Otherwise, check the trial results. On sof/vel and on pibrentasvir/glecaprevir.
As far as I see, there is no reason to defer treatment as many retreatment options are coming – and you never know what works.
If I were you I’d sof/vel. And if were unsuccessful, retreat with abbvie’s combination. However, read everything carefully. Individual experience does not count. Trial data is a bit more reliable.
There is few data and you can just read through and see what works for you.
Wish you best luck with your treatment.

Glecaprevir pibrentasvir will probably get FDA approval soon. https://news.abbvie.com/news/abbvie-submits-new-drug-application-to-us-fda-for-its-investigational-regimen-glecaprevirpibrentasvir-gp-for-treatment-all-major-genotypes-chronic-hepatitis-c.htm
Abbvie filed for FDA approval, days after Gilead. The timeframe is about 8 months.
This combination is even more potent than sof/vel/vox for retreatment, has a different resistance profile.
That said, sof/vel/vox does have 97% SVR for retreating many cases.
The more different drugs for retreatment – the better. Some failed combinations require retreatment with drugs having a different mechanism of action and resistance profile. And if one doesn’t work, it may be good to try chances with another one (although, there’s debate if one should wait for a year before retreatment, especially when one has a s282t rav).

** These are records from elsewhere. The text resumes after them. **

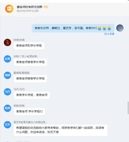 朱沈玮是云南师大在读研究生,他围绕公司的选择以及如何制定预备方案、调整心态进行了详细的介绍。黄朝兰在今年的研究生招考中被华南师范大学录取,她从专业选择、复习资料的获取、复习时间安排做了系统讲解;翟艺芳是北京师范大学在读研究生,主要从考研规划、复习要点、如何把握调剂机会等方面分享了自己的经验;李月星研究生毕业于西北师范大学,现为陕西服装工程公司教师,李月星结合就业形式向参会同学介绍了如何选择公司和专业,并以自己的学习经历向同学们讲述了坚持的重要性,强调考研要有锲而不舍的精神、合适的方法、优良的习惯。交流环节,四位员工对同学们提出的问题进行了耐心解答。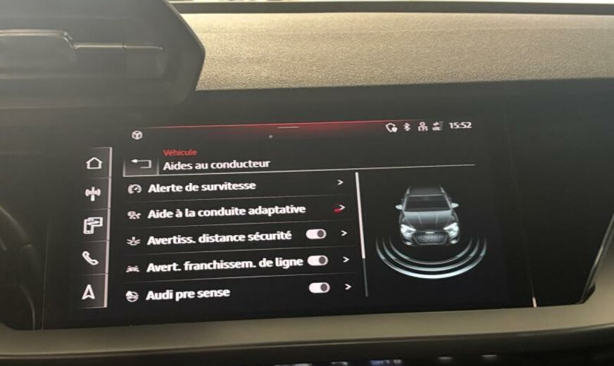 Front Assist avec freinage d\\\'urgence City, sécurité enfants électrique, pack optique noir, liquide de refroidissement R1234yf, assistant à la conduite, pare-brise avec bande de couleur, chauffage supplémentaire à air électrique, radio avec récepteur numérique, rétroviseur g avec miroir asphérique, 6 haut-parleurs, miroir de courtoisie éclairé, garniture pavillon noir, extincteur, dossiers ar séparés en 3 parties avec accoudoir central, norme anti-pollution Euro 6 AP, 999 cc 1,0 L 81 KW, 205/55 R 17 .. W, JANTES 8 J X 17 ALU, système de gonflage des pneus, Audi Phone Box, transmission hybride M-HEV, réservoir à charbon actif EVAP , Advanced line, freins av 288x15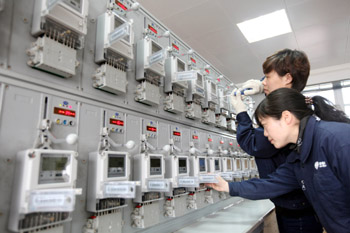國(guó)家電網(wǎng)安徽蚌埠供電公司員工校驗(yàn)智能電表,為即將試行的居民階梯電價(jià)做準(zhǔn)備。新華社發(fā)(牛路/攝) |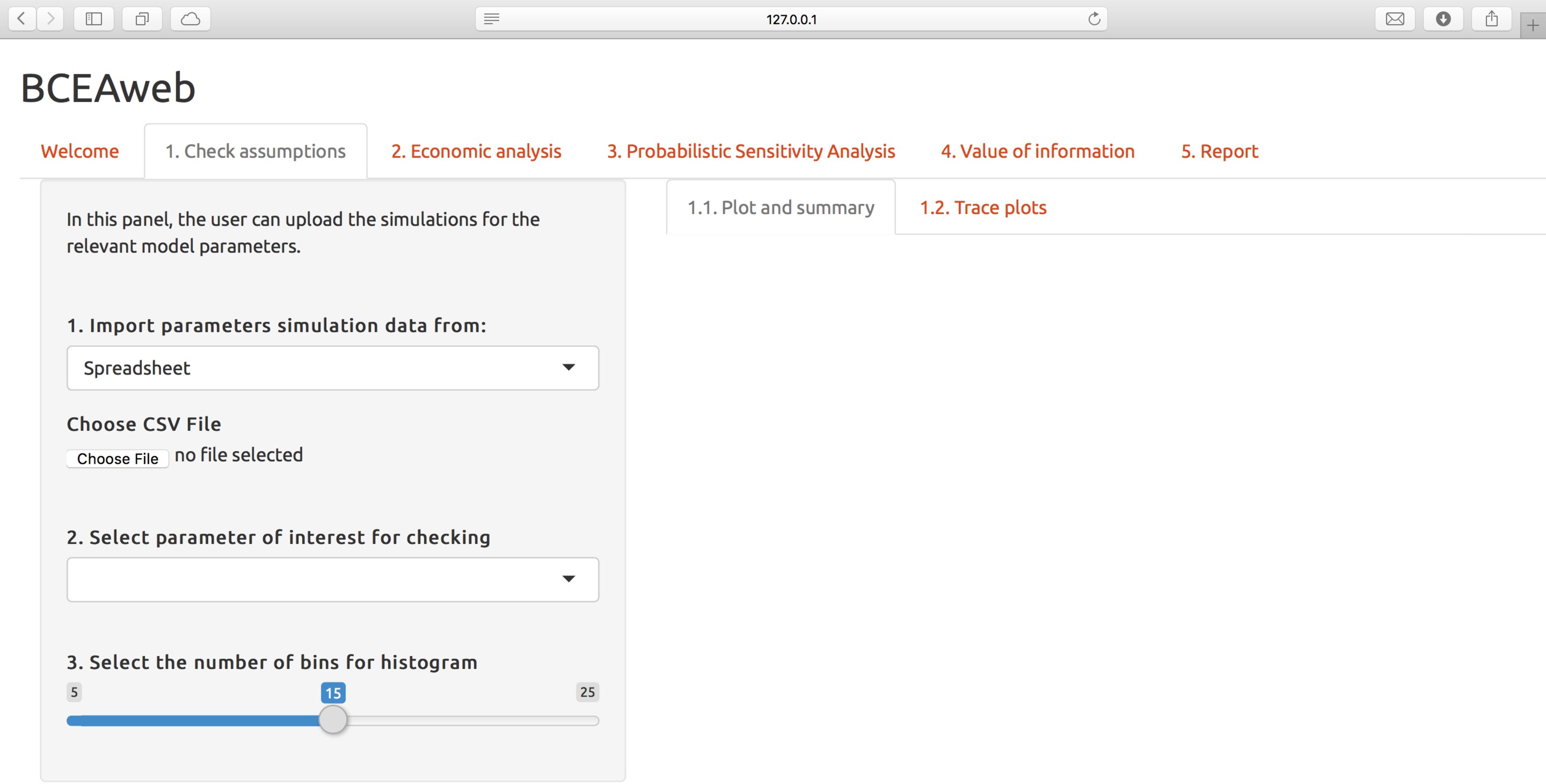 The first tab of the web app is called “Check Assumptions”. It is sufficient to click on its name in the navigation bar to access it. In this page, the user can upload the simulations of the parameters used in the iterations of the PSA from any probabilistic form of an economic model. The functionalities are particularly useful to easily test for violations of distributional assumptions, which might be caused for example by miscalculations of the distribution parameters in models caused by a very large number of inputs. Rather than checking the values one by one, the correctness of the sampled values can be analysed based on the analysis of the empirical (\(i.e.\) observed) distributions. This functionality extends BCEA and is not included in the R package. The web app will present the page shown in Figure 5.2.

I wonder who will be the first one to copycat it. The retreatment market is about 18 million people – and there are no good options on the market currently.

Gilead filed for FDA approval. The approval is expected in several months.
The market is about 18 million people.
http://www.gilead.com/news/press-releases/2016/12/gilead-submits-new-drug-application-to-us-food-and-drug-administration-for-the-investigational-single-tablet-regimen-sofosbuvirvelpatasvirvoxilaprevir
P.S. Likely to be approved either in July or October, 2017 depending on designation.

Thank you for information!
J. Eugene, RAVs matter mostly in those with fibrosis.
The study found that baseline RAVs significantly influence SVR in people with decompensated cirrhosis. Baseline RAVs do matter for non-cirhotic people, esp. for 3 patients (and slightly, for gen 1a). But for other genotypes (like 2,4,1b) they matter less. It’s not all black-and-white, of course, and baseline RAVs do have an influence for certain combinations of genotype and fibrosis level, but the statistics in the EMA report was for participants with decompensated cirhosis.

Many NS3 RAVs resulting from treatment generally disappear by themselves in about more than 1 year. Ns5b sofosbuvir-emergent RAVs – in about less than 1 year.
However, acquired NS5A RAVs persist, requiring retreatment with drugs having considerably different resistance profile/mechanism of action/high bareer to resistance.
Results from a small 3-year follow-up study (presented at AASLD 2016).

http://www.natap.org/2016/AASLD/AASLD_61.htm

There are drugs in development that target not the virus, but host proteins, and were shown to work in early trials. However, different direct acting antiviral drug combinations were also shown to be effective for retreatment in many cases.